LiI(s) → Li+(aq) + I‾ (aq)

Solid LiI dissolves as shown in the above equation. A 8.00 g sample of LiI was dissolved in 57.5 g of water. The initial temperature of the water was 21.40°C. After the compound dissolved, the temperature of the water was 37.13°C. Assume the heat was completely absorbed from the water and no heat was absorbed by the reaction container or the surroundings. Calculate the heat of solution of LiI in kJ/mol. The specific heat of water is 4.184 J/g·°C. (Do not take the added mass of the LiI into account when calculating q for the solution.)

Can someone explain how to do this?

q = heat generated = mass water x specific heat water x delta T.

Convert to kJ.
Then kJ/8 = kJ/gram. Then convert that to kJ/mol.

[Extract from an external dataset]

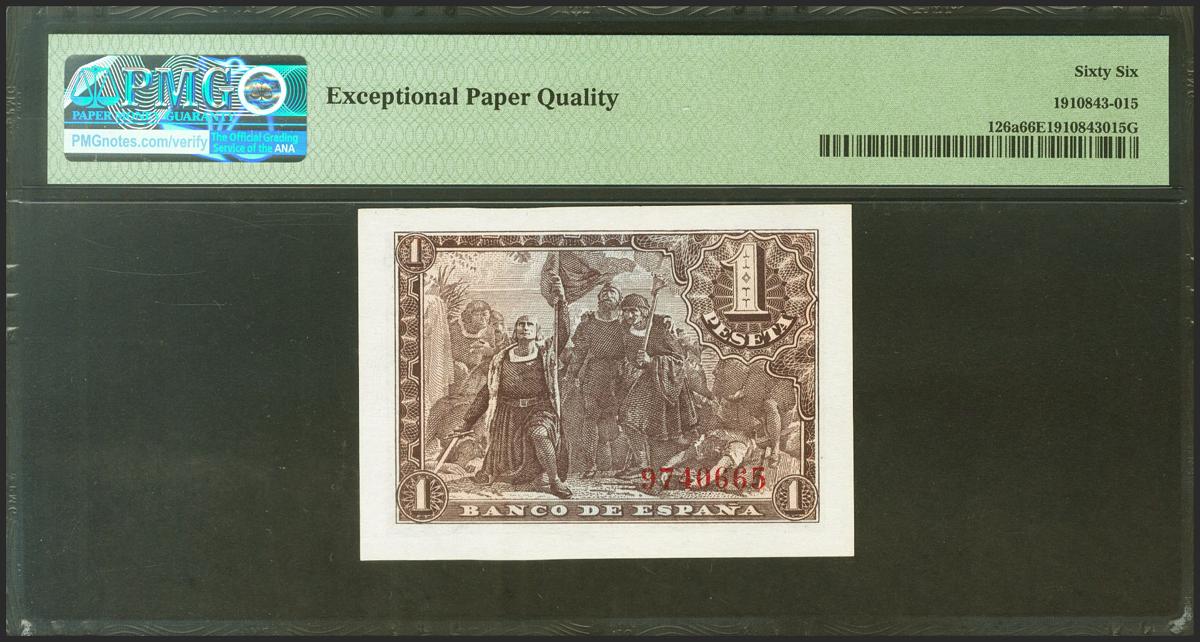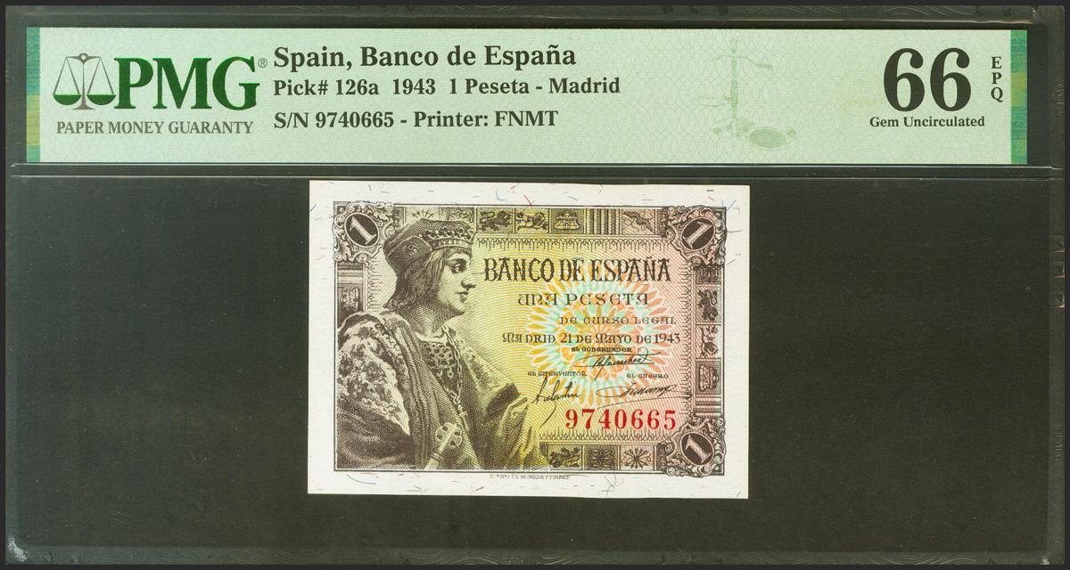 1 Peseta. 21 de Mayo de 1943. Sin serie. (Edifil 2021: 447, Pick: 126a). Inusual en esta excepcional calidad, apresto original. SC. Encapsulado PMG66EPQ.

Post your work if you get stuck.

To calculate the heat of solution of LiI, you need to use the equation:

q = mcΔT

Where:
q is the heat absorbed or released by the solution (in joules),
m is the mass of the water (in grams),
c is the specific heat of water (in J/g·°C), and
ΔT is the change in temperature (in °C).

First, let's calculate the mass of water using the given values:

Mass of water = 57.5 g

Next, let's calculate ΔT, which is the change in temperature:

ΔT = Final temperature - Initial temperature
ΔT = 37.13°C - 21.40°C
ΔT = 15.73°C

Now, we can calculate the heat absorbed by the water (q) using the equation:

q = mcΔT

But since we're given the specific heat in J/g·°C, we need to convert the mass of water to grams:

Mass of water = 57.5 g

q = (57.5 g) × (4.184 J/g·°C) × (15.73°C)
q = 3785.94 J

Since the question asks for the heat of solution in kJ/mol, we need to convert J to kJ:

q = 3785.94 J = 3.78594 kJ

Finally, we need to calculate the heat of solution in terms of the number of moles of LiI. The molar mass of LiI is 133.84 g/mol (6.941 g/mol for Li + 126.90 g/mol for I-).

Using the molar mass of LiI, we can calculate the number of moles of LiI in the 8.00 g sample:

Moles of LiI = Mass of LiI / Molar mass of LiI
Moles of LiI = 8.00 g / 133.84 g/mol
Moles of LiI = 0.0597 mol

Finally, we can calculate the heat of solution of LiI in kJ/mol:

Heat of solution = q / Moles of LiI
Heat of solution = 3.78594 kJ / 0.0597 mol

Therefore, the heat of solution of LiI is approximately 63.51 kJ/mol.